Medical genetics is the branch of medicine that involves a diagnosis and administration of hereditary disorders. Medical genetics differs from human genetics in that human genetics is a field of scientific research that may or may not apply to medicine, while medical genetics target to the applications of genetics to medical care. For example, research on the causes as well as inheritance of genetic disorders would be considered within both human genetics as well as medical genetics, while the diagnosis, management, and counselling people with genetic disorders would be considered factor of medical genetics.

In contrast, the analyse of typically non-medical phenotypes such as the genetics of eye color would be considered factor of human genetics, but non necessarily applicable to medical genetics except in situations such(a) as albinism. Genetic medicine is a newer term for medical genetics and incorporates areas such(a) as gene therapy, personalized medicine, and the rapidly emerging new medical specialty, predictive medicine.

Ethical, legal and social implications

Genetic information allowed a unique type of knowledge about an individual and his/her family, fundamentally different from a typically laboratory test that gives a "snapshot" of an individual's health status. The unique status of genetic information and inherited disease has a number of ramifications with regard to ethical, legal, and societal concerns.
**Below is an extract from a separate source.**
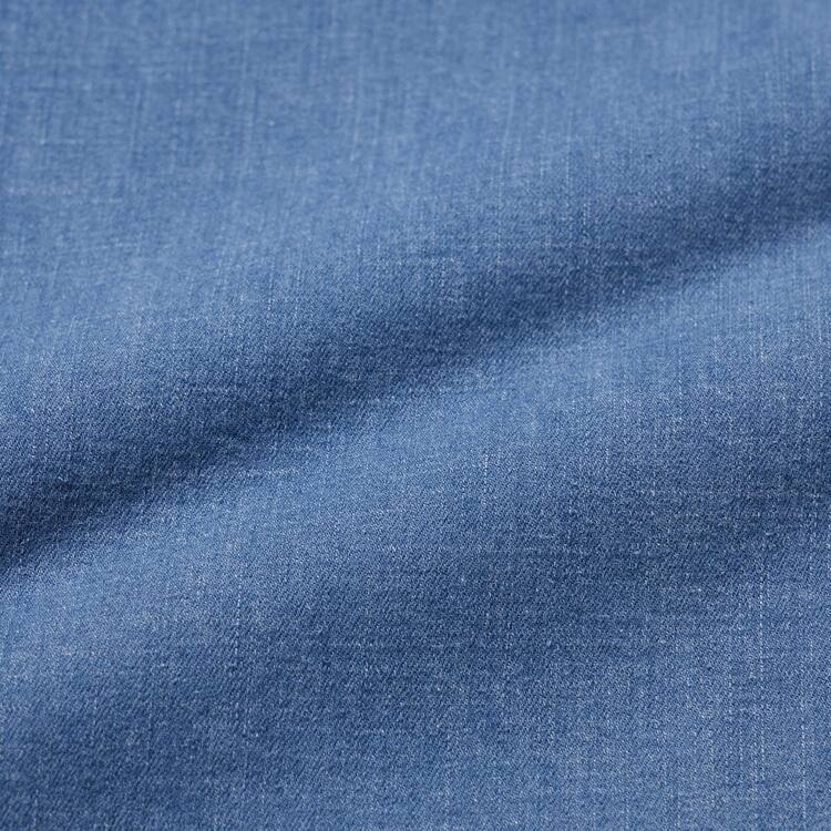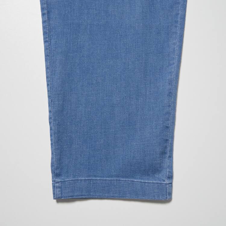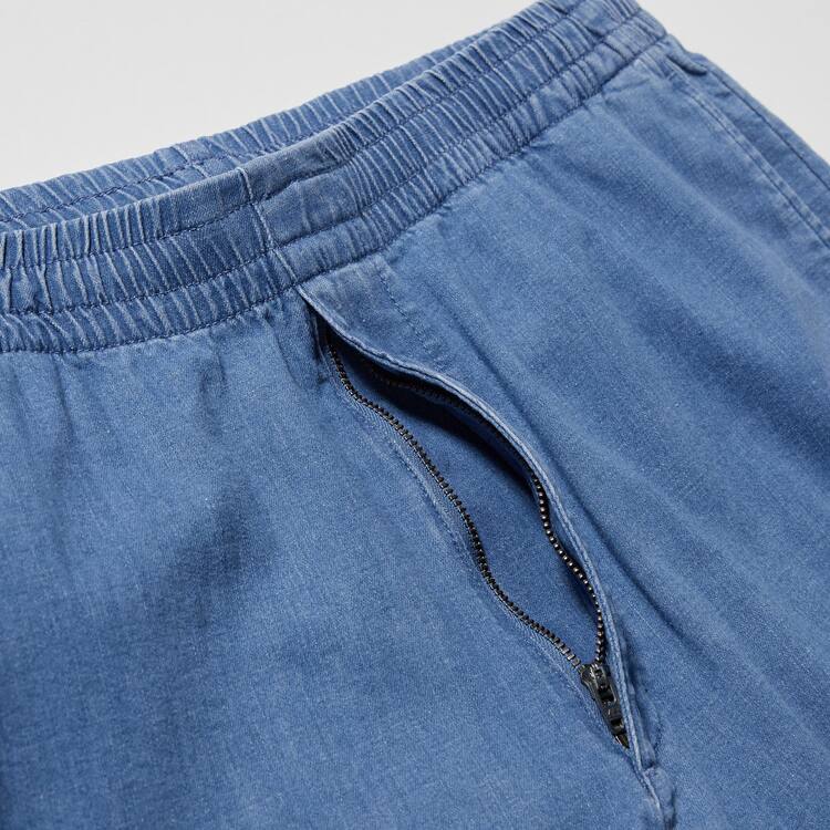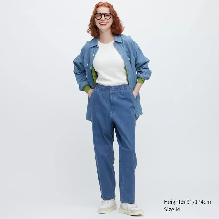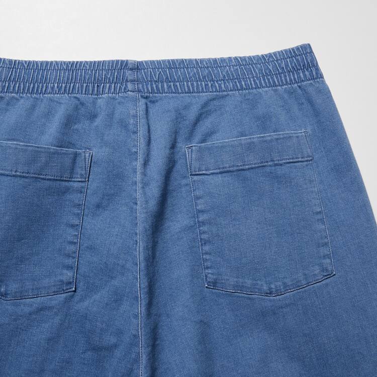 The denim-like color loogs great, and the fit is loose and comfortable. Convenient back pockets on both sides.

On 19 March 2015, scientists urged a worldwide ban on clinical use of methods, especially the use of featured results of basic research to edit the DNA of non-viable human embryos using CRISPR. In February 2016, British scientists were assumption permission by regulators to genetically modify human embryos by using CRISPR and related techniques on condition that the embryos were destroyed within seven days. In June 2016 the Dutch government was exposed to be planning to adopt suit with similar regulations which would specify a 14-day limit.